Stael creates a space in her novel where the artist woman will provide for the world differently than the domestic woman whose creations are compromised by the dogmatic practices of society. The identity of the woman artist of divine existence filled with plentitude opportunity but knows that this has to come to an end. Just like you the and beauty art runs out of time and so the artist mourns the loss of the gift before she even considers her broken heart in connection to Oswald. The role of the widow becomes important in the novel because it reflects on a new final invention of the self. Corinne mourns her previous self. She then retreats to the private, isolated world of memory where nothing new can happen, where imagination becomes an echo, not a voice. “I miss what I was; that is all. I used to take pride in my talent” Corinne tells Oswald ( Stael 268). After she has been alone for awhile she says, “I felt my mind slipping away” (269).

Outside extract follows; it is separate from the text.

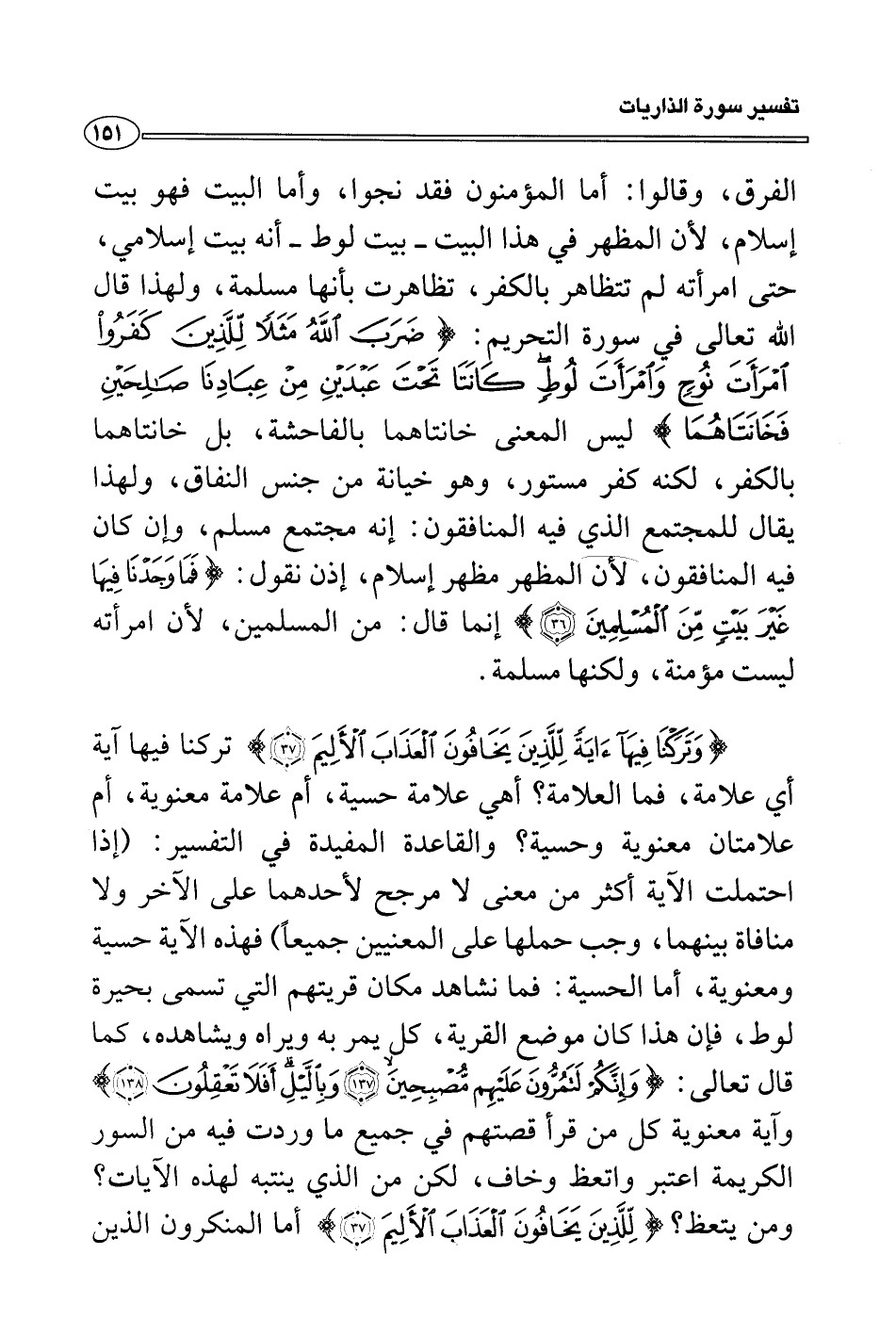 الفرق، وقالوا: أما المؤمنون فقد نجوا، وأما البيت فهو بيت إسلام، لأن المظهر في هذا البيت - بيت لوط - أنه بيت إسلامي، حتى امرأته لم تتظاهر بالكفر، تظاهرت بأنها مسلمة، ولهذا قال الله تعالى في سورة التحريم: {ضرب الله مثلاً للذين كفروا امرأت نوح وامرأت لوط كانتا تحت عبدين من عبادنا صالحين فخانتاهما} ليس المعنى خانتاهما بالفاحشة، بل خانتاهما بالكفر، لكنه كفر مستور، وهو خيانة من جنس النفاق، ولهذا يقال للمجتمع الذي فيه المنافقون: إنه مجتمع مسلم، وإن كان فيه المنافقون، لأن المظهر مظهر إسلام، إذن نقول: {فما وجدنا فيها غير بيت من المسلمين} إنما قال: من المسلمين، لأن امرأته ليست مؤمنة، ولكنها مسلمة.

Properzia Rossi in her poem to the undeserving lover also sees a lost potential for true love. The matters of the heart go empty “Let me pour my soul away!” (L 3). But this poet hope that her creativity will outlast her without inheritance, she hopes that “something... may speak to you when I am gone ( L11). This moving away from love or from the source of creation always concerns the artist of the affects and the impact of the art. The creation for the woman artist becomes a birth a lineage of inheritance that she hope will remain after she is gone. “I might have kindled with the fire of heaven/ things not of such as die!” (L 68-69). In the creation process the body becomes unimportant. The mind and the heart are the resources for creation. And when love has failed to inspire more art in the heart of the artist, Rosssi hopes that “It comes back, the power within me born flows back; my fruitless dower….I shall not perish all!” (L 28-32). The perishing happens when there is no reception of the gift. No acceptance. That’s when “suffering becomes an oracle” for Corinne. (Stael 271). Here the artist foretells her own end. When passion runs out, love and art perish.